Before the massacre debate brought tension into town, Goliad was a strikingly placid community of locals and retirees. It was, and to a great extent still is, a town where people were decent with each other, where elected officials resolved conflicts with heart-to-hearts, and where its most ardent public relations agents were the town’s residents themselves. That is why many of them are now watchful of the limited but painful social rift that has opened—and of its racial undertones. Goliad is a place where “We don’t see color” is a popular mantra, where a Mexican American mother places an order for invitations to her daughter’s quinceañera and most of the girls on the list of invited guests are white. “I came from Seguin,” says Martha Mullenix, a third-generation Texan who publishes the town’s weekly newspaper, “where it’s mainly a German and Hispanic population, and there definitely was a line there.” In Goliad—where slightly more than half of the population is Anglo and the rest is mostly Mexican American, with a small number of African Americans—different races, Mullenix says, “just blend in.” Today roughly half of all elected officials in the town are Mexican American. Yet there are silent remains of a racially marked past. An economic divide still exists: The ranches sprinkled throughout Goliad County are owned by Anglos and worked mostly by people of Mexican descent, and although the public schools today are good enough to attract even outsiders to town, Goliad’s older Mexican American and African American residents can remember attending segregated campuses.But Estella Zermeño is the last to complain. Having left Goliad for most of her adult life to work as a postal service clerk in Houston, she believes that whatever happens, it is one’s responsibility to make things better. On a cool Friday in February, she is beaming when she pulls out a letter from the Texas Historical Commission approving her and her cousin’s request for a historical marker honoring an ancestor who once was the alcalde of Goliad. “Just think—we’ve been here since 1749 and there has never been a Tejano marker here,” she says. “Why? Because we didn’t work for it. So Abel and I got on it.”
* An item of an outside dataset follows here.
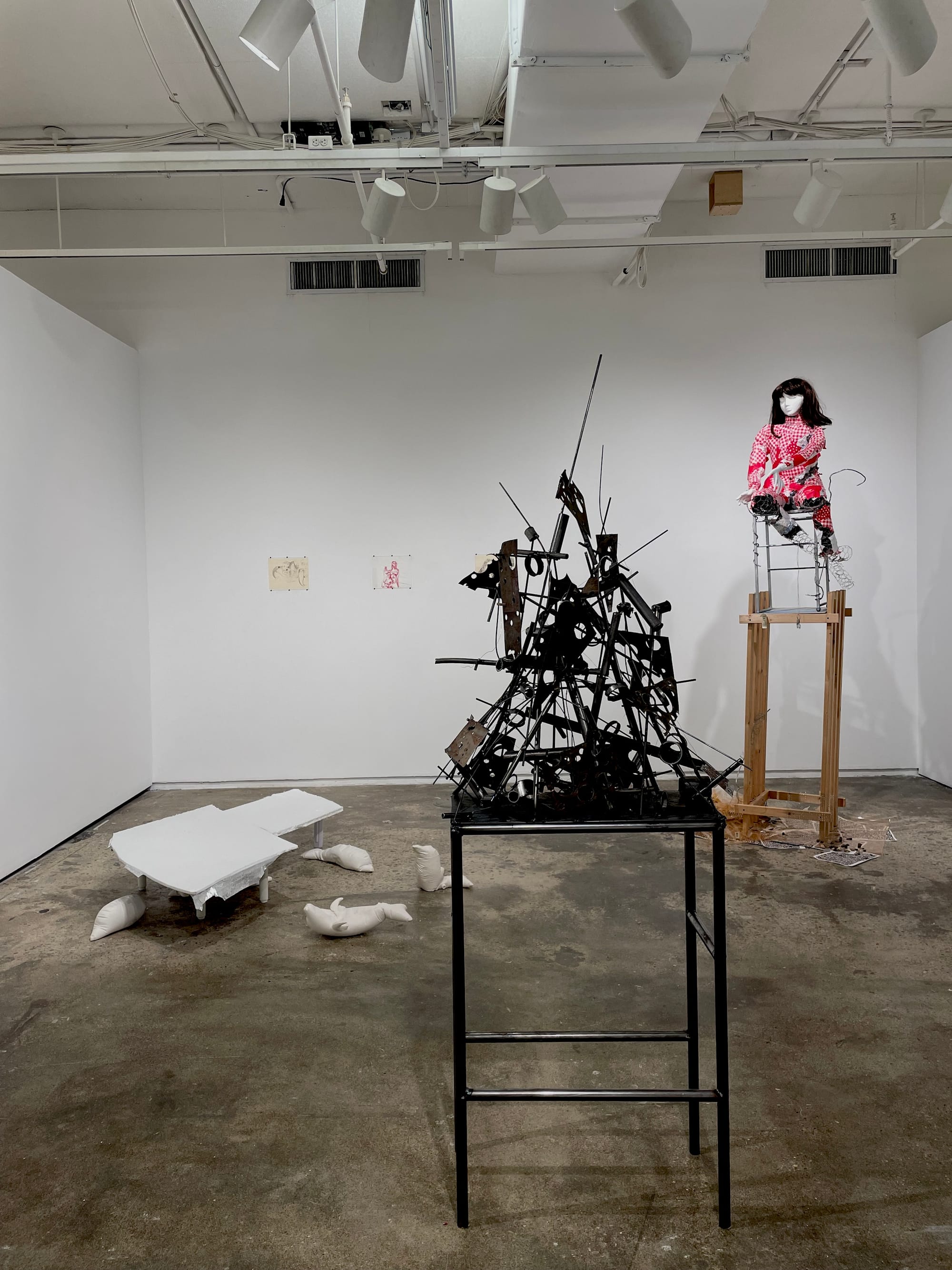 Nearby are works by sculptor Chloé Wilcox, who combines a fascination with dolphins with intricate skills across various mediums, resulting in scenes that are both wondrous and filled with humor. A papier-mâché mannequin leans forward as if mid-sway, while a pod of smaller cement-filled dolphin toys can be found swimming around and underneath a makeshift cove created out of styrofoam. Opposite the mannequin, a dolphin’s head created out of a mop covered in rubber seems to poke out from the gallery floor, welcoming us to step into Wilcox’s world where, like her peers, she has no choice but to make art.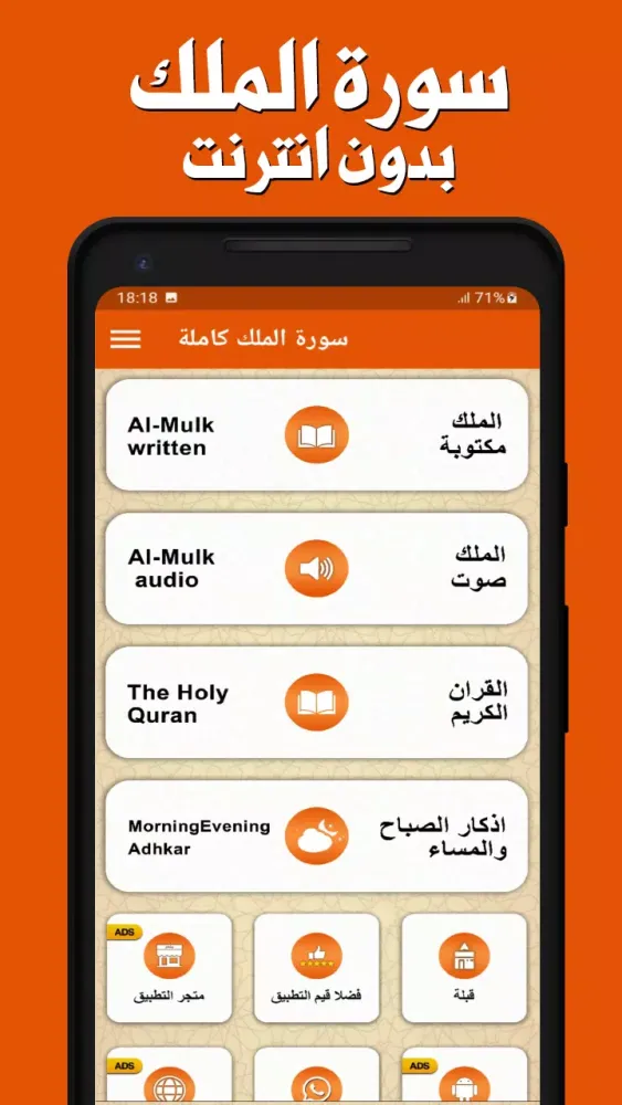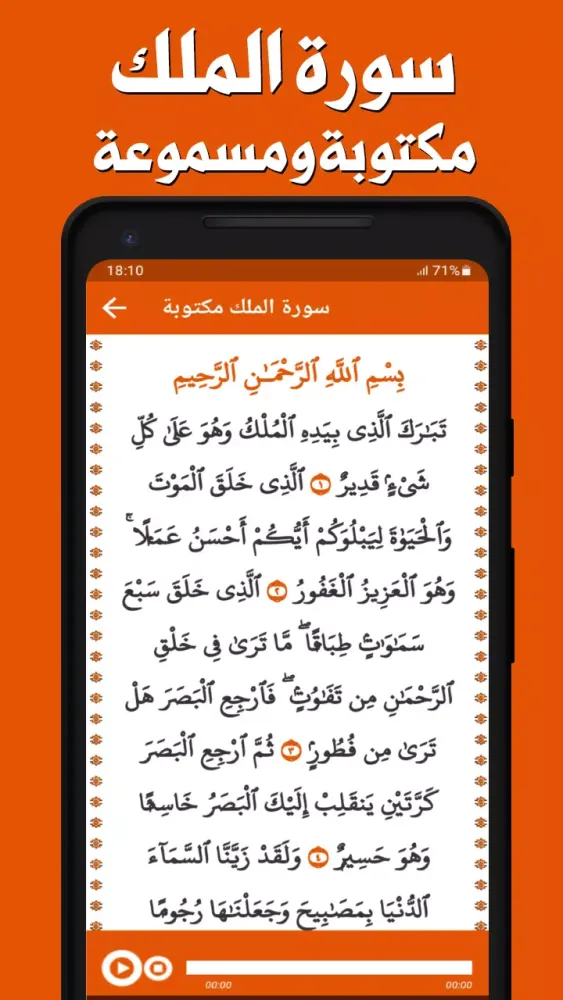 The "Surat Al-Mulk Without Internet" application is designed to provide users with an efficient and convenient way to access the complete text, audio, and recitation of Surah Al-Mulk. This app is particularly beneficial for individuals who wish to listen to the divine verses of the Quran without an active internet connection. By downloading the application, users can enjoy the soothing voice of the reciter, ensuring a high-quality listening experience anytime, anywhere.

Yet, there is something about Estella Zermeño’s research that stings Newton Warzecha. In the fall of 1999, as part of a day-long conference organized by Texas Parks and Wildlife and the Texas Historical Commission to recognize the history of Tejanos in Goliad, Estella presented a family history in which she detailed her family’s loss of 9,500 acres in Refugio County after her grandmother’s uncle was murdered in 1877—a talk that Warzecha perceived to be “very, very, very anti-Anglo.” Warzecha feels that an entire history of bad race relations is being dumped on him and the presidio for commemorating one historical event. Asked what he thinks about some Mexican Americans’ feelings regarding that history, he replies bluntly, “You wouldn’t want to hear what I’ve got to say.” There is a long, empty silence, during which he furiously scribbles aimless shapes on a yellow legal pad. Then he bursts: “By golly, get over it! It’s history! I’m one hundred percent Polish. Wouldn’t it be pretty ridiculous of me to carry on grudges and dislikes against Germany because of what they did to Polish people? How is it any different than this?”
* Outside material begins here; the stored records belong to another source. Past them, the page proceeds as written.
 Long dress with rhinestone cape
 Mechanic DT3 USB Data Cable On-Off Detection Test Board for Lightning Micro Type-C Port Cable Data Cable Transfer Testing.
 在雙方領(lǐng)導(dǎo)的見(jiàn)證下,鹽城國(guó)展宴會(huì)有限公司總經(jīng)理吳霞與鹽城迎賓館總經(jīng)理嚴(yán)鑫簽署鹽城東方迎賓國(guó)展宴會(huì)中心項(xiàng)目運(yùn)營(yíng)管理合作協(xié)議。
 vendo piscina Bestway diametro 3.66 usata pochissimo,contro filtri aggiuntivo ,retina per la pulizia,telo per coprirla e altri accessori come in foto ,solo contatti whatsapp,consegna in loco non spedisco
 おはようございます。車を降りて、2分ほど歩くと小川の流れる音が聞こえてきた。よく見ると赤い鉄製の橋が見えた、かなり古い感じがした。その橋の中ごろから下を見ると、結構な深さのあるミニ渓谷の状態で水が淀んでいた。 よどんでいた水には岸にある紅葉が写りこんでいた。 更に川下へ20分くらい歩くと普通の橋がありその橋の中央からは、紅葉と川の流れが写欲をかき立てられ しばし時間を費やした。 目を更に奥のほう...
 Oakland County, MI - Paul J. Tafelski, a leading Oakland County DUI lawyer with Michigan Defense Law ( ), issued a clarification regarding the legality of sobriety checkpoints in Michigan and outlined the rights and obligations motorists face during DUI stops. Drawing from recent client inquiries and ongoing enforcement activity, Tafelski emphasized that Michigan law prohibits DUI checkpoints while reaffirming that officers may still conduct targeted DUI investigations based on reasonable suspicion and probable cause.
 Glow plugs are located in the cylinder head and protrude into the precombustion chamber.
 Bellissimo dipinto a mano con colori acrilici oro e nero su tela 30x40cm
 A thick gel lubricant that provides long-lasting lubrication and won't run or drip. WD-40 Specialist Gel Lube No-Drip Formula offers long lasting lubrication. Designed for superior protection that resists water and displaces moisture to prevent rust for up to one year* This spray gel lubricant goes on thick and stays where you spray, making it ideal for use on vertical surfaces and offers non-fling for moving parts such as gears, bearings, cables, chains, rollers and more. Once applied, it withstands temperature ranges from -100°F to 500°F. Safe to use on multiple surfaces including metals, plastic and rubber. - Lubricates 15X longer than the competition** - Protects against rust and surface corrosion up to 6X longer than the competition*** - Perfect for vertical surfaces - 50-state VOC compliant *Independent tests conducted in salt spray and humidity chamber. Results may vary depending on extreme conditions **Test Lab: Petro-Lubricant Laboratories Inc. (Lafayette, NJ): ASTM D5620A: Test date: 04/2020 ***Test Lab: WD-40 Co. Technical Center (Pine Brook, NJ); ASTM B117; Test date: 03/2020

“He can’t feel what we feel,” Estella Zermeño retorts. “I have an Anglo friend who told me, ‘I don’t see color.’ I told her, ‘I don’t see color. I feel color.’” Given the choice, she and her husband say, they would not want to feel race—nor want to be reduced to the color of their skin. And they believe that the mutual allegations of racism have obscured the more fundamental issue of the impact of public history. “It’s not a race issue,” Estella adds, “it’s a moral issue. Can we call it that?”